# Room in the Back..???



## y3putt (Mar 29, 2008)

Hi Everyone...

I currently own a QS...but.. I miss having the option of 2 more seats..

So.. I have been looking at the TTS coupe model...

Are the rear seats capable of occasionally taking two adults ..OR.. like the MK1 only suitable for small children..?

Many thanks for your replies

Mark..


----------



## TTMK2_TJ (Mar 2, 2009)

IMO, i would rather have the extra boot space bc the only way any adult is going to fit in the back seats is if they are scrunched up in a ball or laying across the seat upright...


----------



## ScoobyTT (Aug 24, 2009)

y3putt said:


> Are the rear seats capable of occasionally taking two adults ..OR.. like the MK1 only suitable for small children..?


The latter!


----------



## TTMK2_TJ (Mar 2, 2009)

silly rabbit, back seat is for kids


----------



## T3RBO (Dec 9, 2003)

So the bigger mk2 doesn't have more room in the back for passengers than the mk1


----------



## ScoobyTT (Aug 24, 2009)

0 = 0 so technically you're correct. :lol:


----------



## davelincs (Jan 1, 2010)

T3RBO said:


> So the bigger mk2 doesn't have more room in the back for passengers than the mk1


They should make them 2 seaters really


----------



## TootRS (Apr 21, 2009)

Back seats are great as a glorified parcel shelf, I usually throw my coat on them when I'm getting in 

Having said that, I find it much more useful having them than not, 2 adults _can_ fit in the back, it's only practical for very short journeys as it's uncomfortable, but it can be handy if someone needs a quick lift.


----------



## alexf (Nov 1, 2009)

The maximum height for a person that can sit on the rear seats is 5feet 2inches, that's my wife height :lol:


----------



## Skipbreather (Sep 22, 2010)

alexf said:


> The maximum height for a person that can sit on the rear seats is 5feet 2inches, that's my wife height :lol:


Warning in my 2011 owner's manual- just happened to read it earlier today- says no one over 4 ft 11 inches tall in the back seat. Also warns that even kids in booster seats should have minimum 1 inch roof clearance as well.

Ken


----------



## phil3012 (Jul 25, 2008)

I read somewhere (probably in the manual or a sticker in the car) that the maximum height is 1.5 meters.

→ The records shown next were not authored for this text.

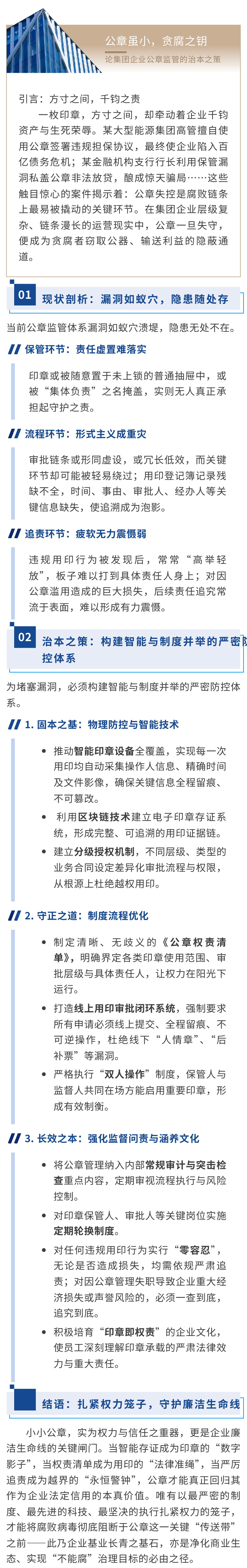 公章雖小,貪腐之鑰——論集團企業公章監管的治本之策
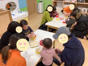 おやつもお母さんに見守ってもらい嬉しそうでした
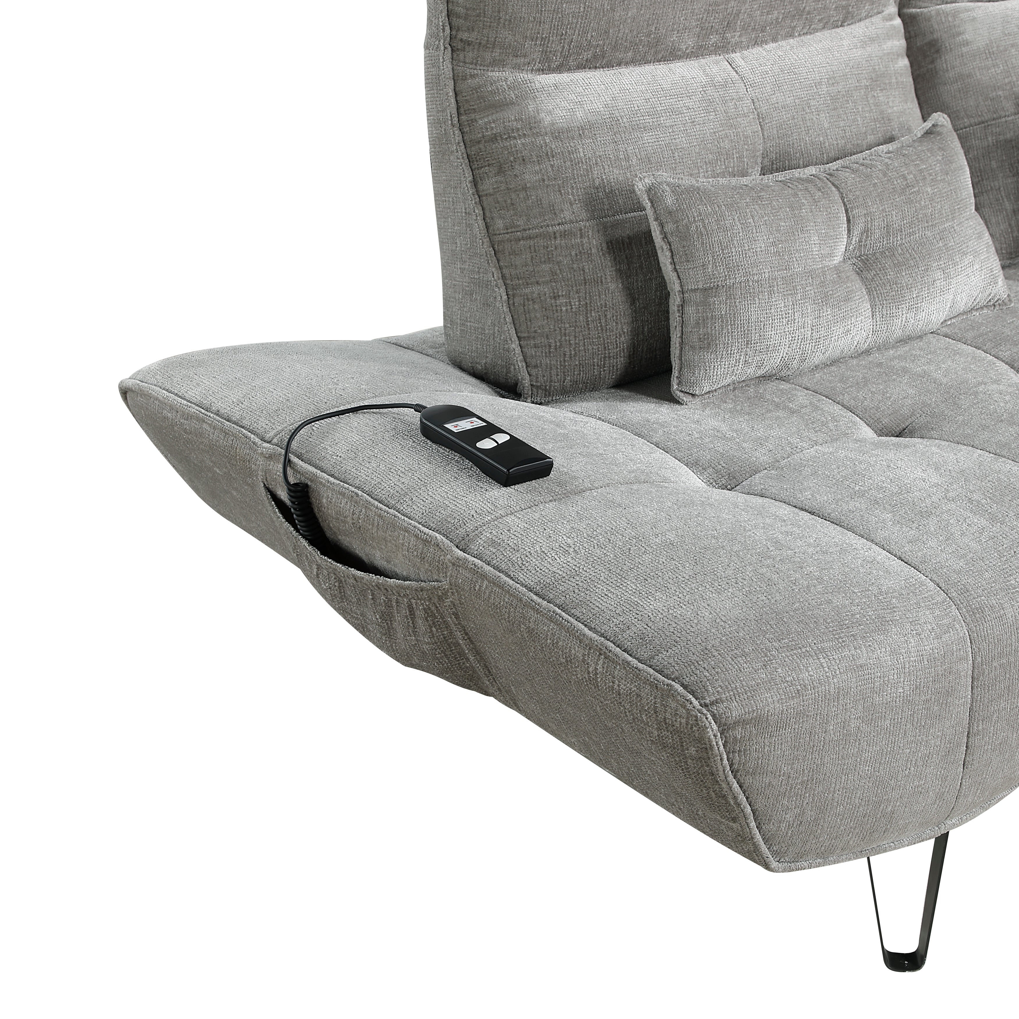 Transform your living space with this beautifully crafted Quonsett sofa in gray chenille fabric. Designed for comfort and functionality, the sofa features a power adjustable seat depth, allowing you to customize your seating experience. The manual adjustable headrest provides extra support for relaxation, while the included decorative pillows add a touch of style. Perfect for modern homes, this sofa combines luxurious upholstery with practical features for an elevated lounging experience.
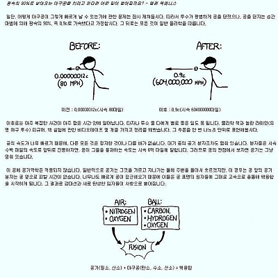 광속의 90%로 날아오는 야구공을 치려고 한다면 어떤 일이 일어날까
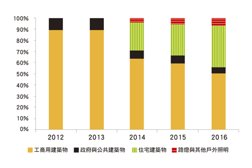 與LED照明發展初期相同,智慧照明系統因為初期建置成本較昂貴,因此建置所能帶來成本下滑幅度多寡,變成消費者是否採納的關鍵。由於辦公大樓、百貨公司、複合式商場以及量販店等,照明設備占耗電比重均達25~30%,因此工商用市場成為智慧照明系統主要需求者。就2012年來看,工商用市場占比即接近90%,其次則是政策導向的政府與公共建築,占比約在10%左右,預計住宅部分要等到2014年,相關產品價格大幅滑落後,占比才會有顯著增長(圖4)。
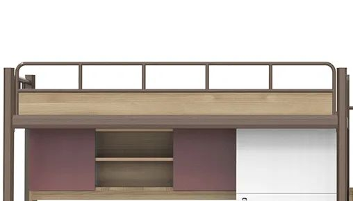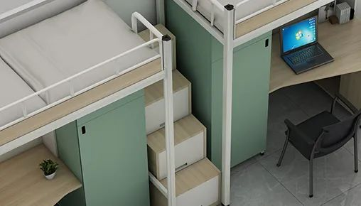 祥聚公寓床增加護(hù)欄高度、護(hù)欄底部擋板,既能保障睡眠者安全,又兼顧避免床上用品從旁掉落造成誤傷;增大走梯面積,并配備踏板防滑條紋,上下階梯更安全。
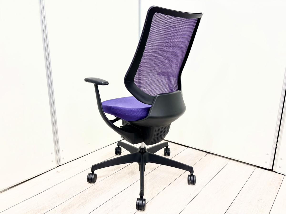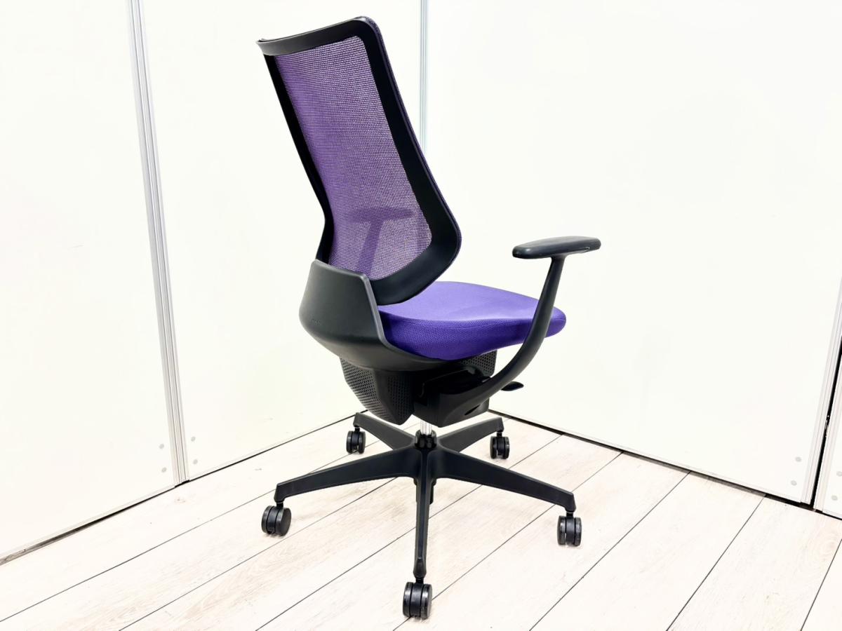 【イスとひとつになれる新感覚!360°揺れて体を自由に動かせる「グライディング・メカ」搭載!】■コクヨ(KOKUYO)製 イング(ing)チェア 肘付ハイバック ■パープル■背面メッシュタイプ ■固定肘【2603】弊社使用欄【A01068205】

Have tried it a couple of times with someone behind the passenger seat.

One issue is as soon as you go over a speed bump even someone not too tall hits their head on the roof, due to the angle of the roof line.

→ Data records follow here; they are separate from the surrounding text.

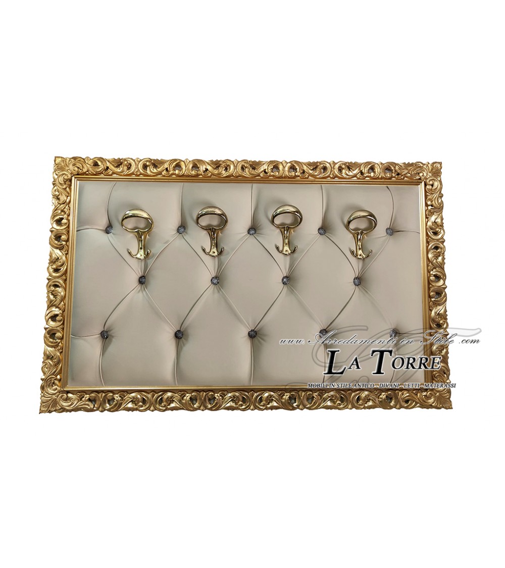 La cornice dell'appendiabiti è realizzata in legno in foglia oro , con intagli elaborati e decorazioni floreali che richiamano lo stile barocco. Quattro ganci in metallo argentato, con una forma a ricciolo, sono fissati sulla parte superiore dell'appendiabiti, offrendo spazio per appendere cappotti, sciarpe o altri accessori.
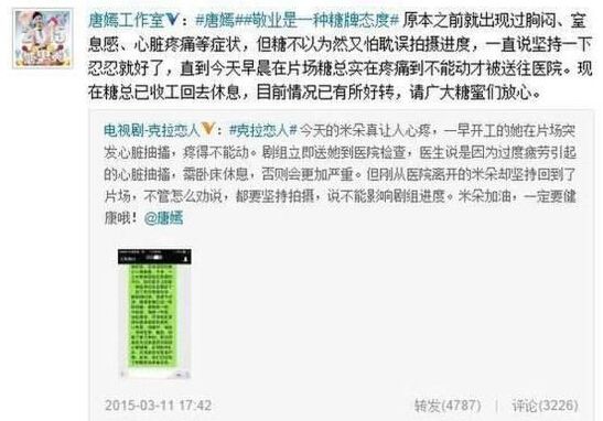 3月11日17点42分,电视剧《克拉恋人》官方微博称:“今天的米朵真让人心疼,一早开工的她在片场突发心脏抽搐,疼得不能动。剧组立即送她到医院检查,医生说是因为过度疲劳引起的心脏抽搐,需卧床休息,否则会更加严重。但刚从医院离开的米朵却坚持回到了片场,不管怎么劝说,都要坚持拍摄,说不能影响剧组进度。米朵加油,一定要健康哦!”并艾特唐嫣。
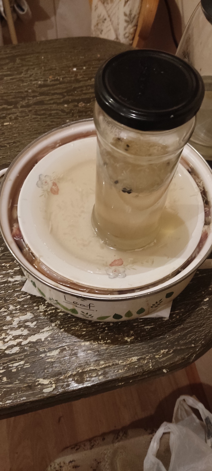 Оставляем на 1 сутки при комнатной температуре, ( после этого можно груз снять), потом 1 сутки в холодильнике.
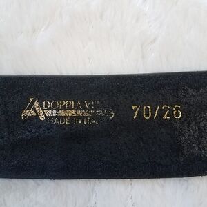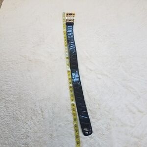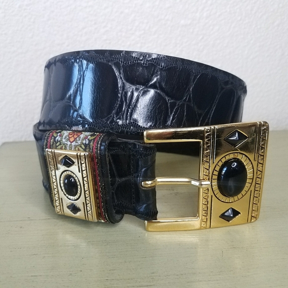 In excellent condition, croc embossed, leather, gold beaded hardware, tapestry detail, size 70/26, fits small maybe medium-please see measurements.

My wife who is 5 foot 7 can sit in the back for very short journeys (i.e. just round the corner).

I had a Celica (gen 7) 2 cars ago and that was much better for someone short distances.

The add bonus of the rear seats though is they fold down giving loads of extra storage space, enough for 2 large suitcases.


----------



## ross_cj250 (Mar 1, 2008)

T3RBO said:


> So the bigger mk2 doesn't have more room in the back for passengers than the mk1


There's more room in the back of a Mk2, but you still wouldn't want to go far in one. One person in the back isn't too bad, you can stretch out across the two seats for probably a half hour journey. If you want two people in the back it's dependant on how far back the driver needs their seat and how tall the passengers are...even then a quarter of an hour in the back is enough for most people (but I'm sure there's some masochists about who have been stuffed in the back for hours at a time!).

Regards
Ross


----------



## TTRS_500 (Aug 29, 2010)

I have people in the back of mine all the time, however they always complain. We are only teens/young adults so doesnt do us any harm, but you old foggies my pull your backs trying to climb out! :lol:


----------



## J.D (Jun 10, 2009)

I have a problem!

It's like my rear seats are locked in the upright position. I can only fold them down 5-10 cm. Does anyone know whats wrong and how I can fix it?


----------



## Toshiba (Jul 8, 2004)

s


----------



## steeve (Jul 8, 2010)

They are designed for adults.

Adult Hobbits.


----------



## BLinky (Jul 3, 2009)

they are designed for friend's wifes and girlfriends who we do not care much about because had we put them in the front passenger seat they are likely to slam the door believing the security of the door is proportional to how hard they close it plus the back seats are so uncomfortable they're likely to become tired after a long journey and therefore remain quiet for the rest of the evening.


----------



## wja96 (Mar 4, 2010)

J.D said:


> I have a problem!
> 
> It's like my rear seats are locked in the upright position. I can only fold them down 5-10 cm. Does anyone know whats wrong and how I can fix it?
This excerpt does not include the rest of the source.